I opened the page myself, felt something was off but couldn’t pinpoint it. After zooming in on screenshots and comparing, I found it: the blue in the new component differed from the design system’s blue by 7 degrees of hue. Nearly invisible on a small screen. But on a large screen, the drift accumulated — the entire interface felt tonally inconsistent, as if two different people had painted it.

bg-blue-600 versus bg-blue-700 — one digit apart in code. Fifteen degrees apart on screen. The security reviewer doesn’t check which CSS class color values are chosen. The backend reviewer doesn’t look at frontend rendering results. The frontend reviewer examines component logic and responsive layout — nobody’s job description includes “compare rendered output against design system color values.”

Code review has a structural blind spot: reviewers read code, they don’t look at rendered results.

EP01’s Tailwind default styles making the product look like an admin dashboard was also something I only caught by looking myself. EP03 added the skeptic-owner to solve direction blind spots, but skeptic-owner doesn’t look at colors either — it cares about “is the direction right,” not “is the blue right.” A new review capability was needed, and it couldn’t rely on human eyes — I can’t open every page full-screen for visual comparison after every commit.

Design Intelligence’s Three-Layer Architecture

Design Intelligence (DI) was the extension system’s first heavyweight application from EP05. It’s not a generic “check if the design looks good” tool — it has three layers, each solving a specific class of design review problem.

Layer 1: Palette guardrail. Mechanical checks, no LLM involved.

Layer 2: AI smell detectors. 28 specific detectors, each checking for one design anti-pattern.

Layer 3: Reference layer. Extracting the generator’s design knowledge into consultable documentation.

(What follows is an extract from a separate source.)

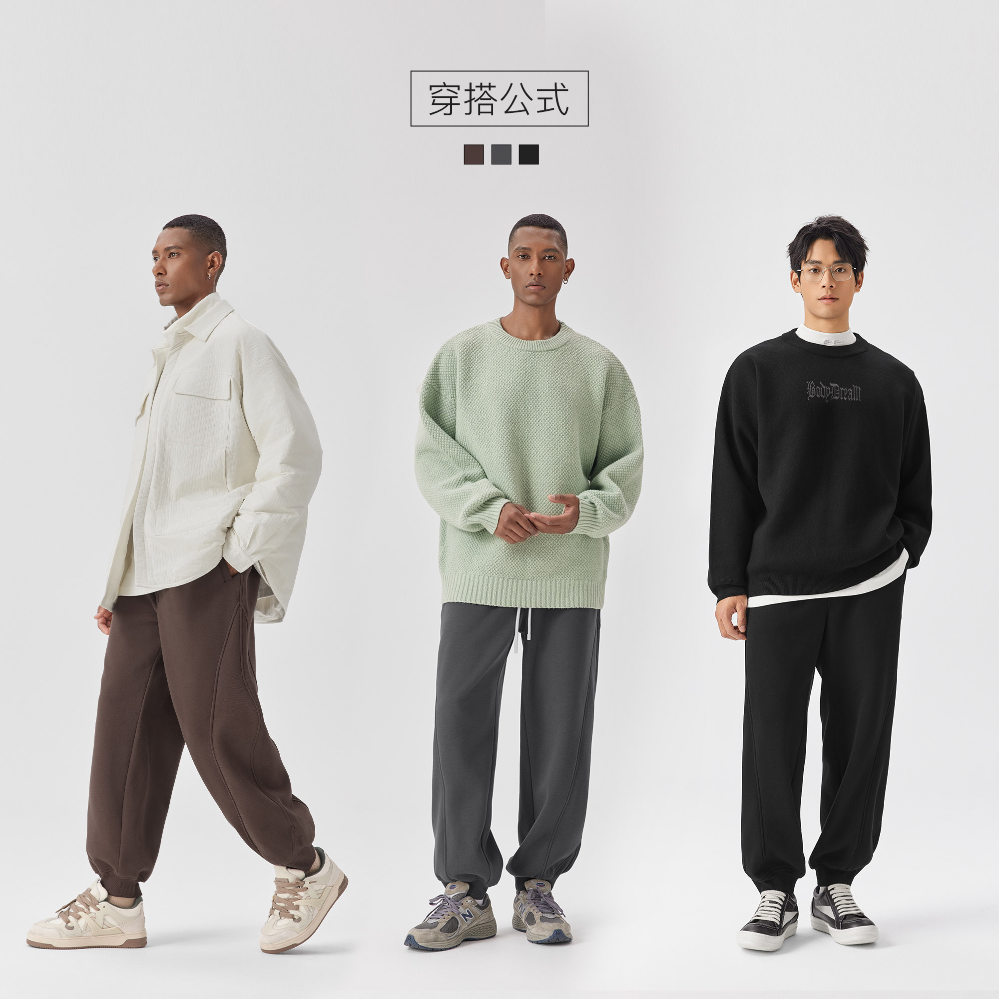 BODYDREAM冬季重磅加绒卫裤男士运动裤宽松大码束脚裤针织休闲裤

The three layers progress from shallow to deep: the first counts (is this color in the allowed range?), the second pattern-matches (is this combination an anti-pattern?), the third consolidates knowledge (why is this design decision correct?).

Palette Guardrail

A design system’s colors aren’t chosen randomly — from the base palette to semantic colors to component colors to motion colors, four levels of token hierarchy, each with explicit mapping relationships. What color is primary-500, which palette value does danger map to, how much does a button’s hover state shift — these are all deterministic rules.

The palette guardrail does something simple: scan all color values in the project and compare them against the design system’s registered values. If a color isn’t in the palette’s registered range, flag a violation.

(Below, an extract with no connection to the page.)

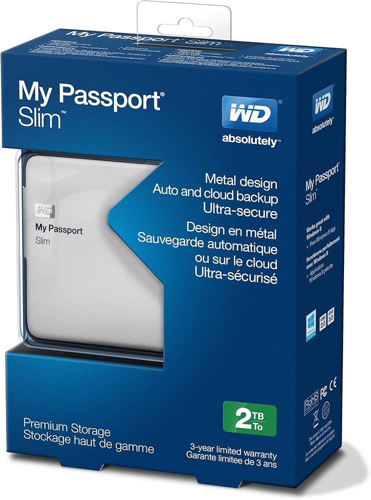Works great with Windows 8 - WD's Windows 8 app makes it easy to discover the digital media stored on your My Passport Slim drive with your Windows 8 computer. Your content is automatically displayed and organized so you can easily locate and enjoy your photos, videos and music.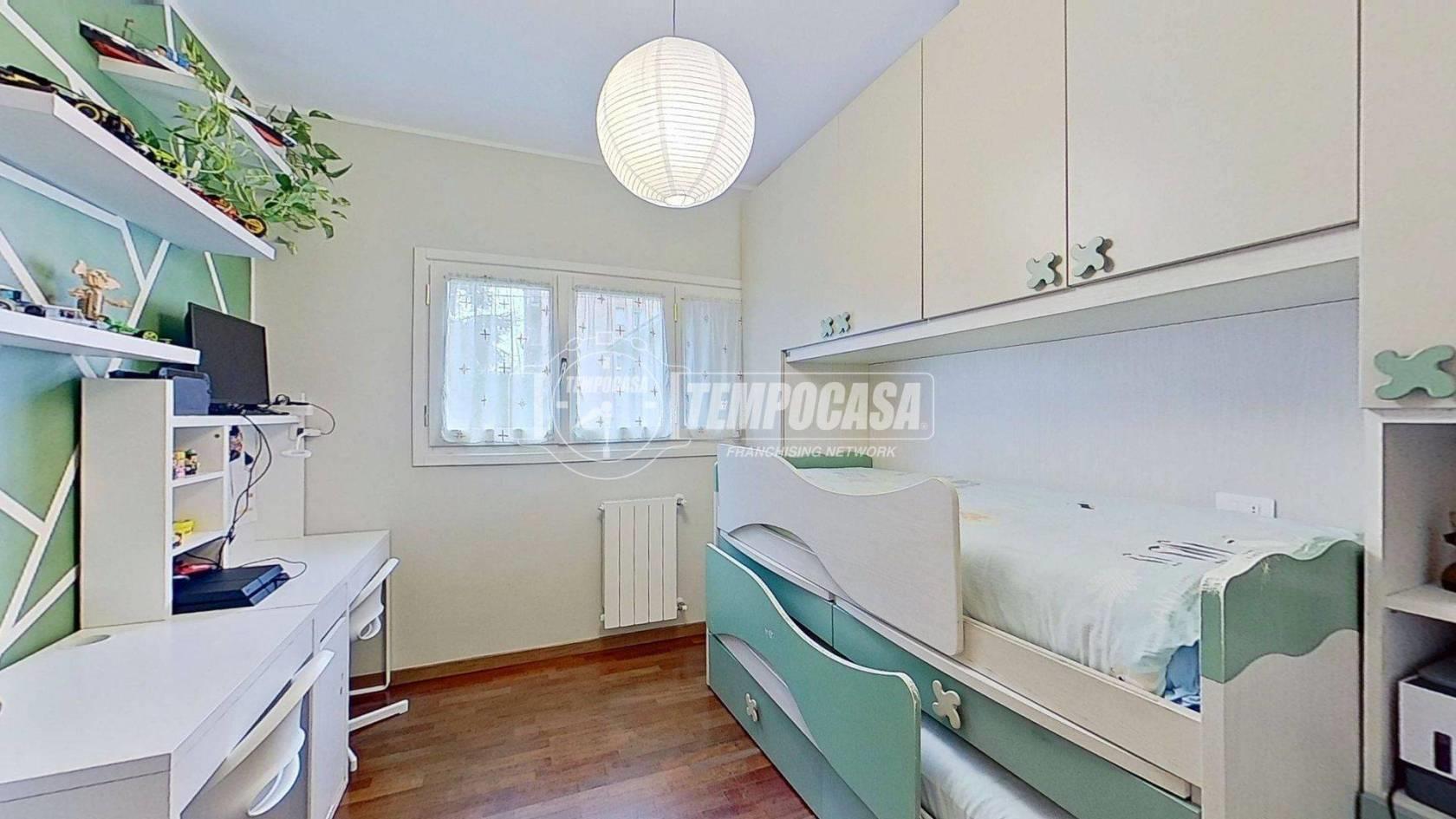 Rientrando all’interno, il corridoio conduce al bagno, moderno e curato nei dettagli, con un elegante box doccia e pavimenti in gres che conferiscono un tocco contemporaneo. Proseguendo nella zona notte, attraversiamo due camere da letto che regalano sensazioni di tranquillità. La prima stanza, ariosa e luminosa, è ideale per i bambini o per chi desidera uno spazio versatile, mentre la seconda colpisce per la presenza di un ampio armadio a muro, perfetto per ottimizzare l’organizzazione quotidiana.

No LLM needed to judge “does this blue look nice” — mechanical comparison suffices. This philosophy aligns directly with S1E07’s mechanical gates: count, don’t judge. Whether a color value falls within the allowed range is a factual question, not an aesthetic one.

In implementation, DI scans the project’s CSS variables, Tailwind configuration, and design token files during the startup hook phase, building an allowlist of “what colors this project may use.” During the review phase, it checks file by file and reports any color values not on the allowlist. The frontend reviewer doesn’t see this layer — they’re looking at component logic, not color compliance.

If DI had been online during the education tool refactor, the 7-degree hue drift would have been mechanically caught during review — because the drifted color value isn’t in the design system’s palette. No intelligence needed, just a table and one comparison.

28 AI Smell Detectors

The palette guardrail solves “are the colors right,” but design problems extend beyond color. Inconsistent spacing, confused font hierarchy, insufficient contrast, unusual animation duration, uneven component density — these can’t be solved by mechanical comparison because they’re not “right or wrong” questions but “is this combination good” pattern recognition questions.

DI’s second layer is 28 specific AI smell detectors, each checking for one specific design anti-pattern. Not “have an LLM look at the overall feel” — 28 independent check rules, each with explicit trigger conditions and fix suggestions.

A few examples:

Contrast detection: Does the contrast between text and background meet WCAG AA level (4.5:1)? EP01’s accessibility wall was this type of problem — Apple-style rgba(60,60,67,0.36) had a contrast ratio of just 1.7:1. Mechanical tools (axe-core) miscalculate with semi-transparent overlays; DI uses a vision language model to judge from rendered results.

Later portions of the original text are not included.